А Екатерине Зябликовой Жернов тоже оправдывающимся голосом пояснял:
– Ничего, Екатерина, станет полегче, твоя дочь будет учиться дальше. Она у тебя старательней многих девок, я её не обижу, не позволю, чтобы на ней ездили самые крикливые бабы, у которых языки длинные, а руки до работы не доходят…
– А что теперь горевать, Павел Ефимович, – отвечала Екатерина, – она и учиться уставала. Ведь ходить в школу не ближний свет, одна дорога только изматывала. А для некрепкого организма на ферме тоже, конечно, нелегко. Но для семьи хоть какая да польза.
– Вот это верно сказала! Я это сразу уразумел, думаю, как-то надо помочь многодетной семье! – ухватился Жернов, чтобы предстать в глазах простой, но умной бабы, этаким благодетелем.

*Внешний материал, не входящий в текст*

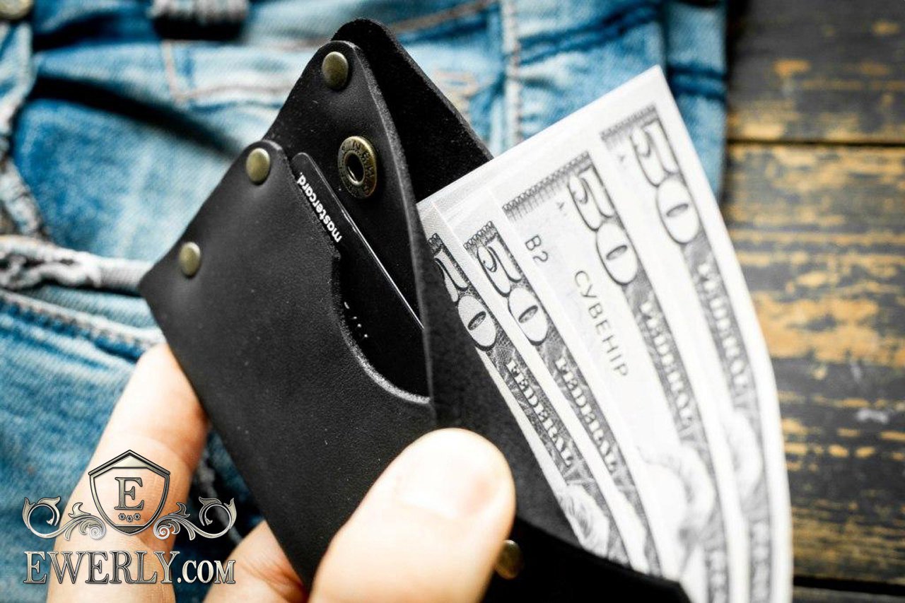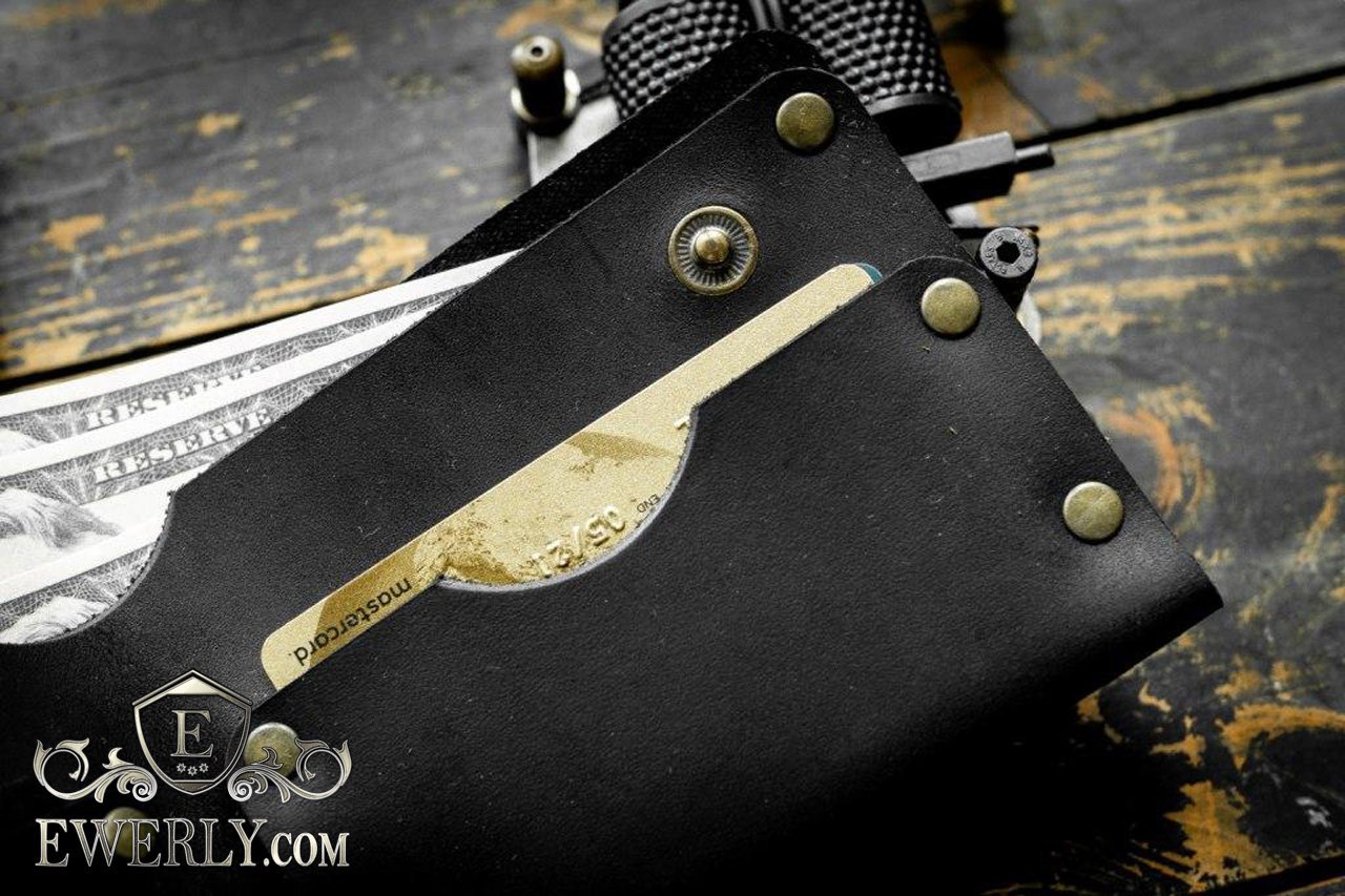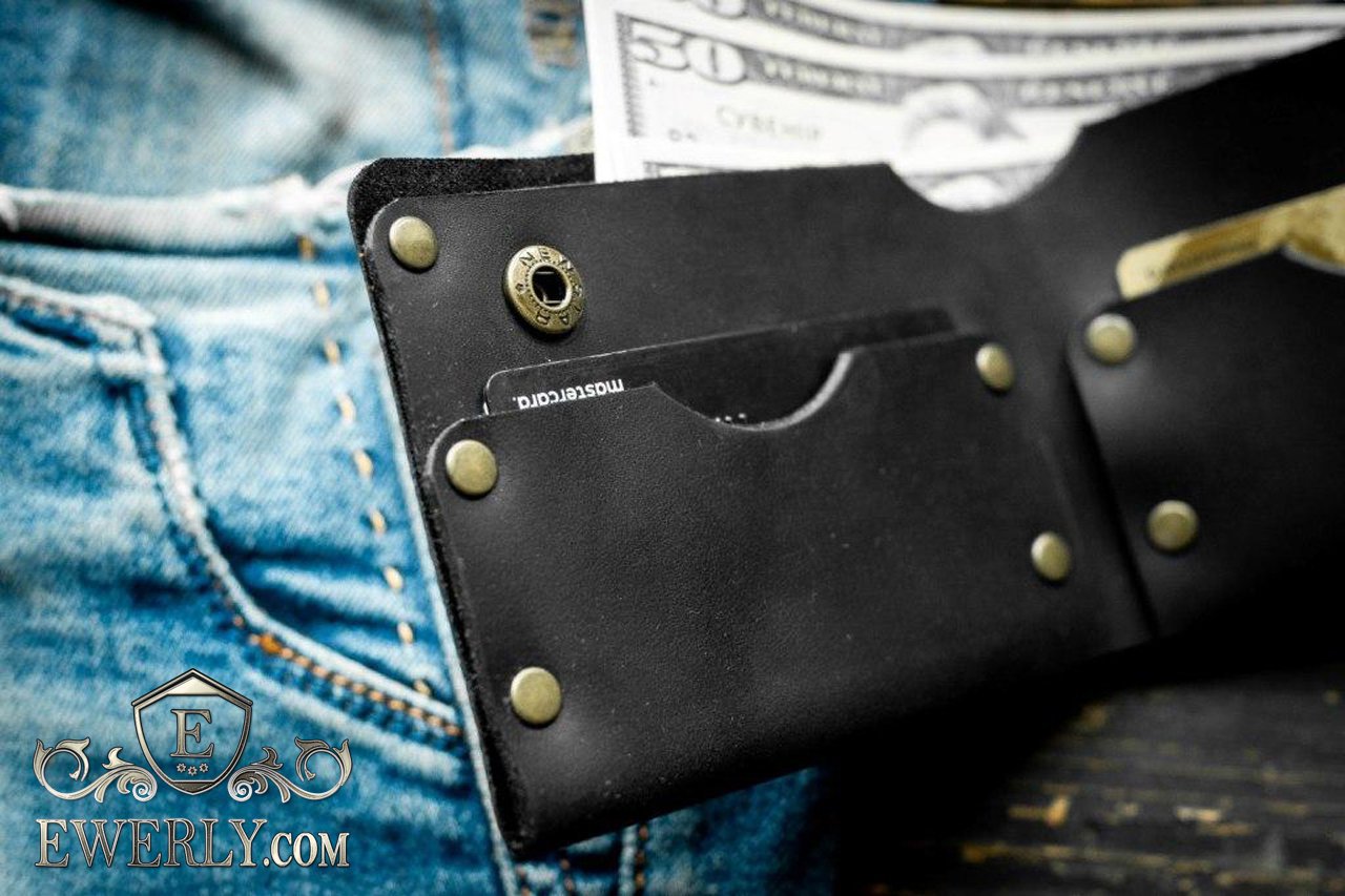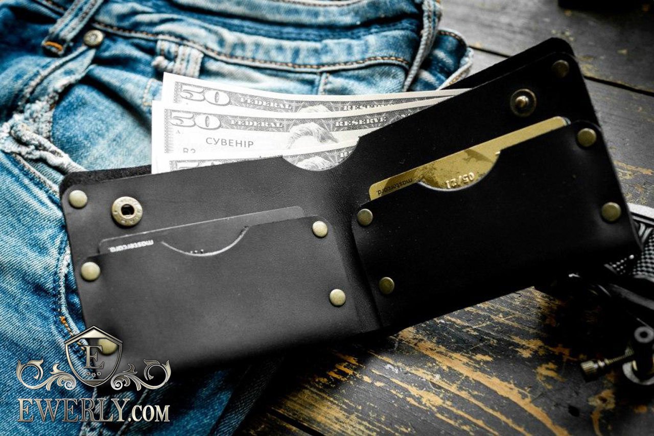 Мужской кошелёк из кожи черный с гравировкой 11090YZ
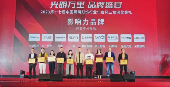 泰沃照明荣获中国照明灯饰行业2023年度影响力品牌、爱心企业
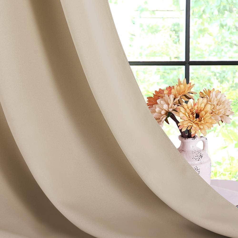 NICETOWN Blackout Farmhouse Curtains, Biscotti Beige, Set of 2, 34 by 80 Inch, Thermal Insulated Solid Grommet Vertical Drapes Room Darkening Window Treatments for Bedroom
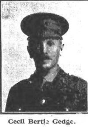 It was here that Cecil Bertie Gedge lost his life.
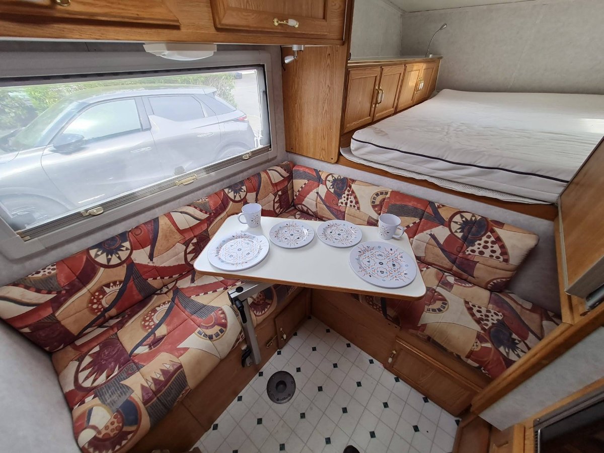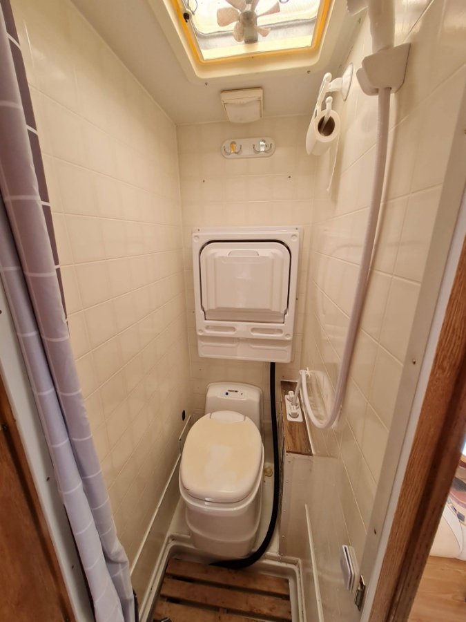 A double bed over the cab with mattress, storage cupboards, sink and drainer, 4-burner hob, gas oven, grill and extractor fan, Dometic fridge/freezer (works on mains or gas), wet room including a Thetford cassette toilet and newly fitted pull-down sink and shower, hot and cold water tanks, gas heated hot water and air heating, Lagun swivel detachable table leg and table, and two bench seats with cushions. There is also a small electric powered heater which works on hook-up only. There is also a single solar panel, believe it’s 100w and a controller fitted under the fridge, please see the photos.
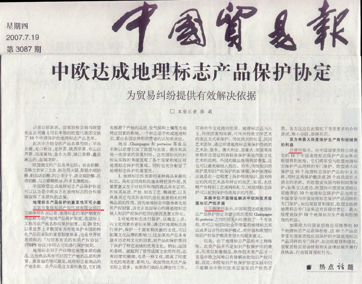 原文:《中歐達(dá)成地理標(biāo)志產(chǎn)品保護(hù)協(xié)定 為貿(mào)易糾紛提供有效解決依據(jù) 》
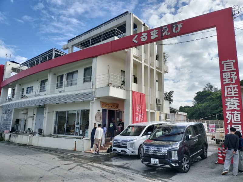 店名だけでなく「宜野座養殖場」の文字も見えるため、「養殖=新鮮な車えびが食べられる」期待が高まります。観光地の中心部から少し離れている分、わざわざ行く価値のある“ご褒美ランチ”として選ばれている印象です。
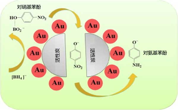 圖2:對硝基苯酚與對氨基苯酚與活性炭載金納米催化劑還原反應的示意圖。
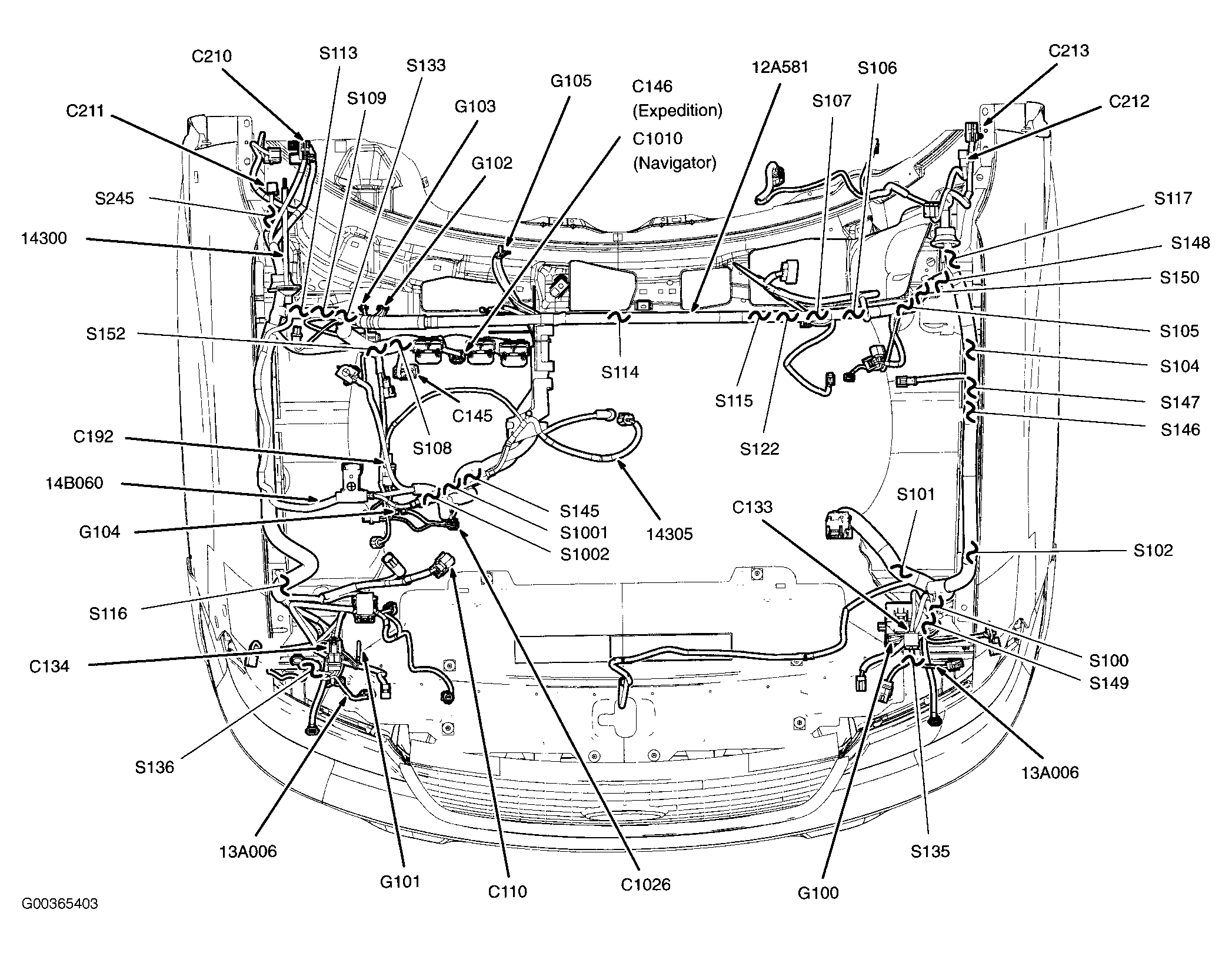| S146 | In engine control sensor harness, near breakout to left side of engine compartment. See Figure. |
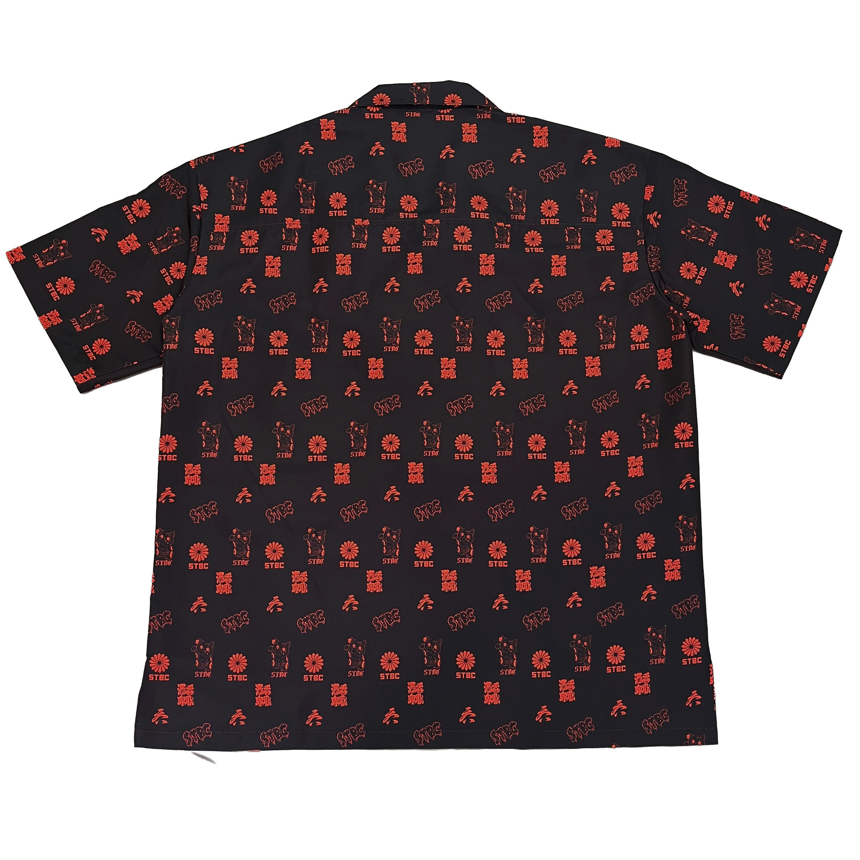 総柄グラフィックが目を引く、存在感抜群のオープンカラーシャツ。
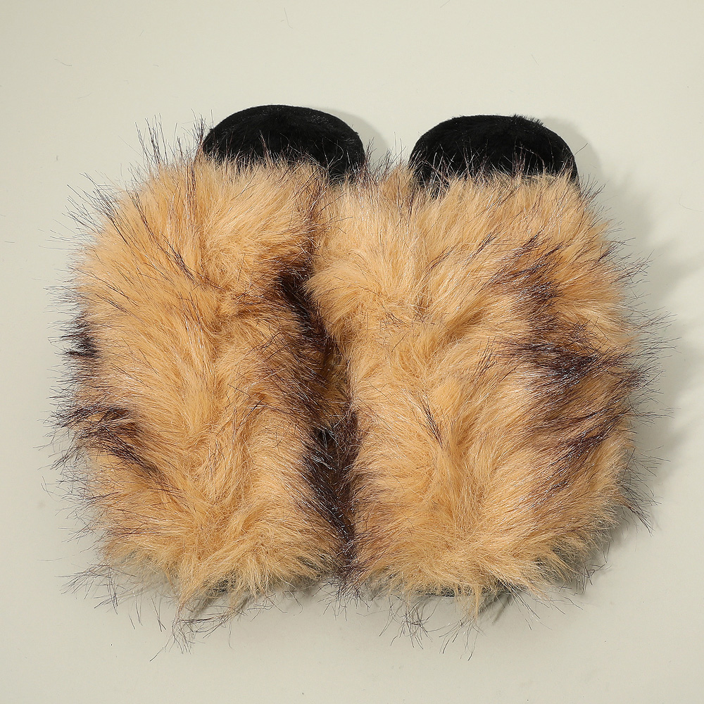 Fluffy Faux Raccoon Fur Indoor Floor Slippers
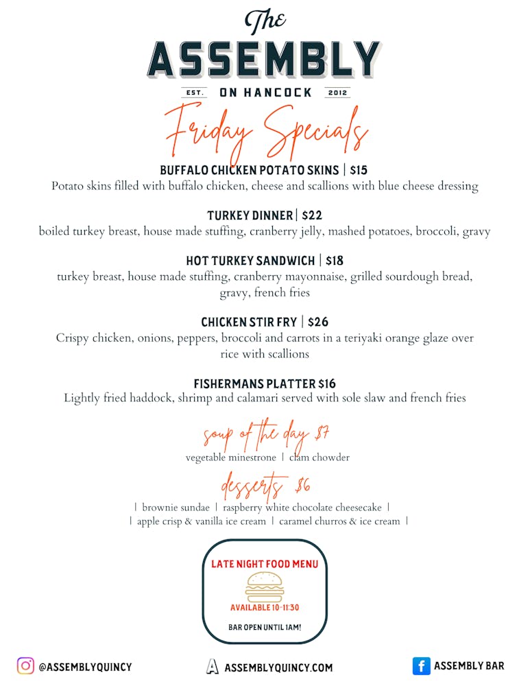 Late Night Menu Available Friday and Saturday Night 10pm-11:30pm
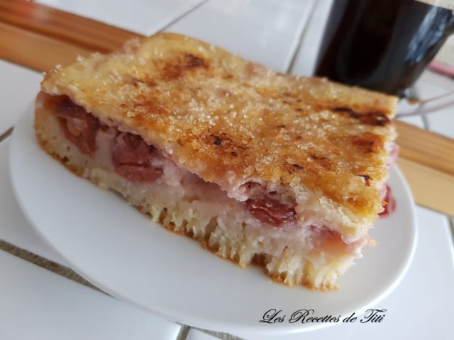 Comme il me restait au congélateur, des cerises, et que j’avais grande envie d’un clafoutis, ben il ne me restait plus qu’à m’exécuter, pour le plus grand bonheur de mon chéri.
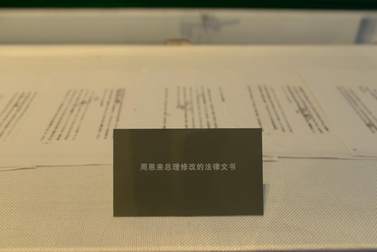 周恩来総理におかれては法律文書を御自ら修正された文書のレプリカです。
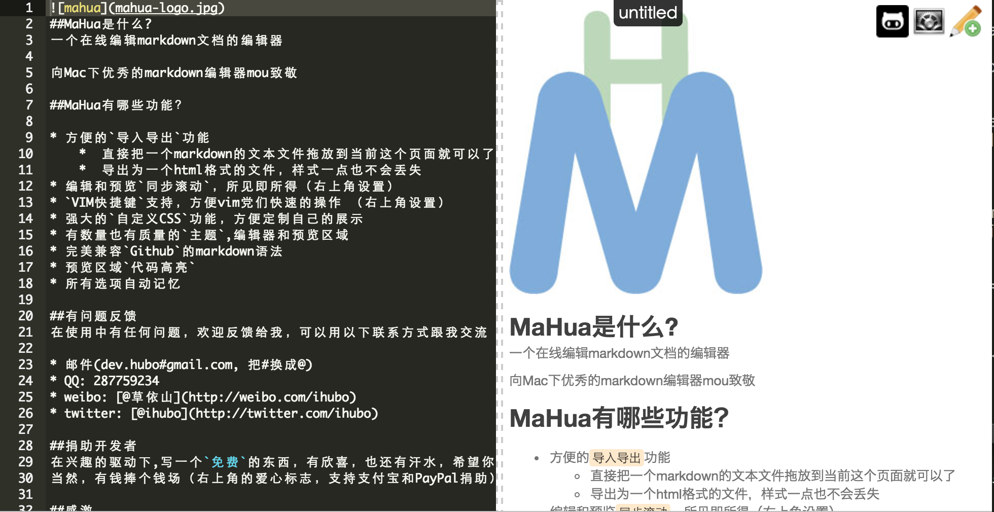 MaHua 在线 Markdown 编辑器 ,无须测试。
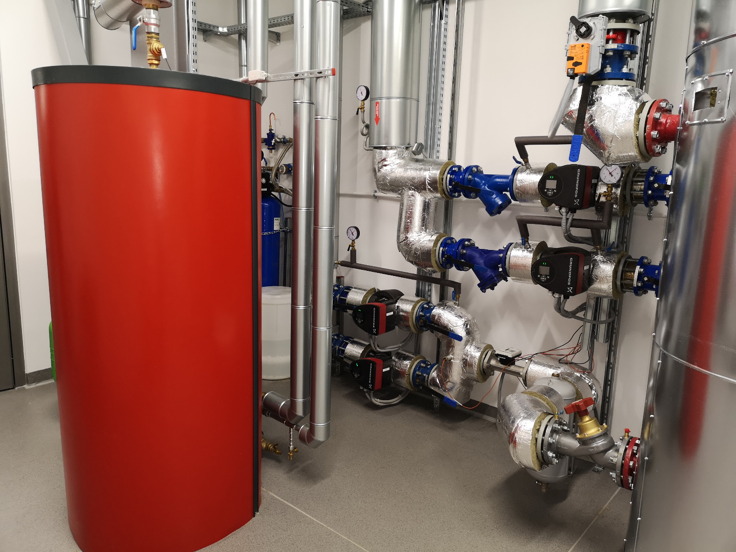 Wbudowane obiekty technologiczne i techniczne: 2 agregaty wody lodowej, zbiornik na wodę deszczową 50 m 3 , 2 centrale wentylacyjne, 2 sprężarki.
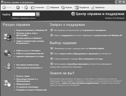 Расширенный поиск Расширенный поиск производится в том случае, если быстрый поиск не дал результатов. При расширенном поиске дополнительно применяются Параметры поиска: • дата; • тип; • размер; • дополнительные параметры. Справочная система в Windows для удобства использования выполнена, как и контекстные меню. В каждом открытом окне приложения Windows вызов справки приведет к выводу на экран того раздела справочной системы Windows, который связан с данным конкретным приложением. Общую же справку можно получить через кнопку Пуск, выбрав команду Справка и поддержка. Появляется окно (рис. 5.3.), где в левой части отображаются разделы справки, а в правой- некоторые дополнительные возможности. Если нажать кнопку Указатель в левой части появившегося окна справки (рис. 5.4.) можно увидеть Фрейм (независимое окно в окне), в
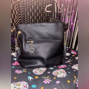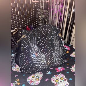 Embrace the darkness with our "Rebel's Requiem" handbag, where edgy meets elegance. This black beauty is adorned with a mesmerizing array of rhinestones, forming a striking pattern that's as bold as your personality. The gold chain strap adds a touch of luxury, while the black strap provides a sleek, versatile option. This bag is perfect for those who dare to be different. Make a statement with "Rebel's Requiem" – for the fearless, the fierce, and the unapologetic.

Так миновал непростой год для Нины, работа на телятнике и радовала, и огорчала. Радовала потому, что нравилось ухаживать за милыми телятками, а огорчала в непогоду, когда из грязи еле ноги вытаскивала. При всём при том не было приличных резиновых сапог, вместо которых приходилось надевать кирзовые, тяжёленные и не столь удобные для девичьих маленьких ножек, которые сбивала часто до мозолей.
С десятилетнего возраста Нина наблюдала, как люди из землянок перебирались в построенные своими руками хаты. С тех пор посёлок разрастался, хаты вставали, как грибы после дождя. Через три года после его основания по обе стороны балки уже насчитывалось до тридцати хат. И на окраинах улицы продолжали закладываться всё новые, как приезжими, так и своими. Бывало кто-то уезжал, хату свою продавали новоприезжим, а если где-то на стороне не находили лучшей доли, возвращались на старое место. И вот такие пока временно жили в землянке, а этим временем строили себе новые хаты…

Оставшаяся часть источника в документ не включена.